Let’s find a pattern that will match the `Append` problem:

`CompoundExpression[l___, x : Append[list_, rest__], r__]`

That’s the pattern that matches the case I described above. It’s not as simple as just looking for any old `Append` function—there are obvious cases where `Append` is right. What we want to do is warn when the result of `Append` is thrown away without ever being seen.

And this replacement is a fix:

`l; AppendTo[list, rest]; r`

*Workbench* integrates the static analysis tool in two ways. If a warning pattern is found in *Mathematica* code, *Workbench* will show a warning in the editor and also in Eclipse’s Problems view, which lists all problems, errors, and warnings in the workspace. If a problem can be solved with a simple transformation, *Workbench* will offer it when a quick assist is requested.

These patterns are checked whenever code is edited in Wolfram *Workbench*.

Another way of searching for bad code with patterns is available under the *Mathematica* tab in the Search > Search dialog…, where you can enter *Mathematica* patterns.

But *Workbench* also allows to do your own bulk changes: right-click in a *Mathematica* source file and choose Expression Find/Replace, and you’ll get a dialog like this:

The pattern and replacement will be applied to either the current file (in the editor) or to all selected files or contents of a project. As with the Migration Assistant, you’ll get a preview dialog that shows all the modifications so you can opt out if a transformation isn’t as desired.

While these replacements operate on expressions, *Workbench* adds another dimension: the expressions are stored as text, which allows them to be formatted, *i.e.* indentations, white space, and so on. The transformation expression actually lets you reformat code in a custom way—if you use a pattern like this:

`If[cond_, i_, e_]`

And replace it with this:

If[

cond,

i,

e

]

The result of transforming the input `If[a==b, 42, 43]` will be this:

If[

a == b,

42,

43

]

While *Workbench* has a formatter (in the editor’s context menu, Source > Format) that formats general *Mathematica* code in a readable way, this approach allows you to customize the layout of source code. It allows you, for instance, to format code (or data) in a way that makes it more readable. The transformation also supports comments—if you want to annotate code with comments, just match for the code and include the comment in the replacement.

*Mathematica*‘s consistent design (everything’s an expression) combined with pattern matching is just as helpful when working with and modifying large source bases.

It’s good that the simple yet powerful principles of *Mathematica* allow users to do many different tasks without having to learn new concepts. Every *Mathematica* user already understands the concepts we used to implement code transformation and static analysis—and Eclipse and Wolfram *Workbench* integrate them seamlessly.

The code transformation and static analysis tools are but one small area of the integrated tooling Wolfram *Workbench* provides.

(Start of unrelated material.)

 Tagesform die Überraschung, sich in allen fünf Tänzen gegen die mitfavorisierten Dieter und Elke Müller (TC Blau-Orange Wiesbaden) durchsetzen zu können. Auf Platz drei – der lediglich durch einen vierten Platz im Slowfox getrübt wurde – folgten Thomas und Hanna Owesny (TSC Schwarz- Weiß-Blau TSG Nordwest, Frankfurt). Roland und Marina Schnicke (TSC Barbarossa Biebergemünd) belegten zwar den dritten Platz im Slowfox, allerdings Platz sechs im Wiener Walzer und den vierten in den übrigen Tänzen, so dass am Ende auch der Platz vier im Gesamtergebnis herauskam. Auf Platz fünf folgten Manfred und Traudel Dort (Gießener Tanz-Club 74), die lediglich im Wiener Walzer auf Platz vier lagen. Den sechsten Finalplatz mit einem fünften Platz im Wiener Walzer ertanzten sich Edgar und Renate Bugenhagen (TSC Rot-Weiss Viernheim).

Modern software development requires many other tools.

Version management is tightly integrated into Eclipse—and Wolfram *Workbench* benefits from it. Gone are the days of doing version management by copying a notebook and using a naming scheme like “MyCode.nb.bak1″, “MyCode.nb.bak_Thursday27th”, or similar. The local history system is an undo feature on steroids, which can be a first step towards version management. But once a project grows, it’s also possible to move to systems like CVS, Subversion, or Git—or many other SCMs that are integrated into Eclipse.

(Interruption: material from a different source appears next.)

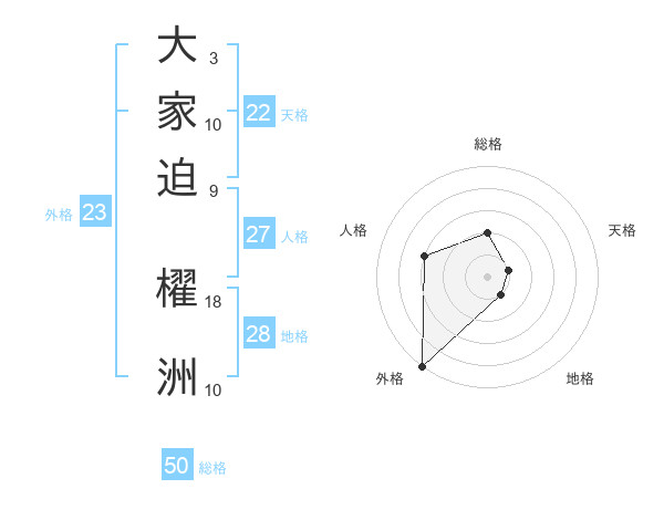 大家迫 櫂洲さんを姓名の画数から五運を鑑定

There are other concerns in software development, such as performance and correctness. That’s why Wolfram *Workbench* comes with a powerful, integrated debugger written with *Mathematica* and profiling support, as well as testing and unit testing tools—and again, the integration includes running tests, inspecting the test results/reports, editing test source, and much more.

The Wolfram *Workbench* website contains more resources for learning about its capabilities, including screencasts demonstrating many of the features.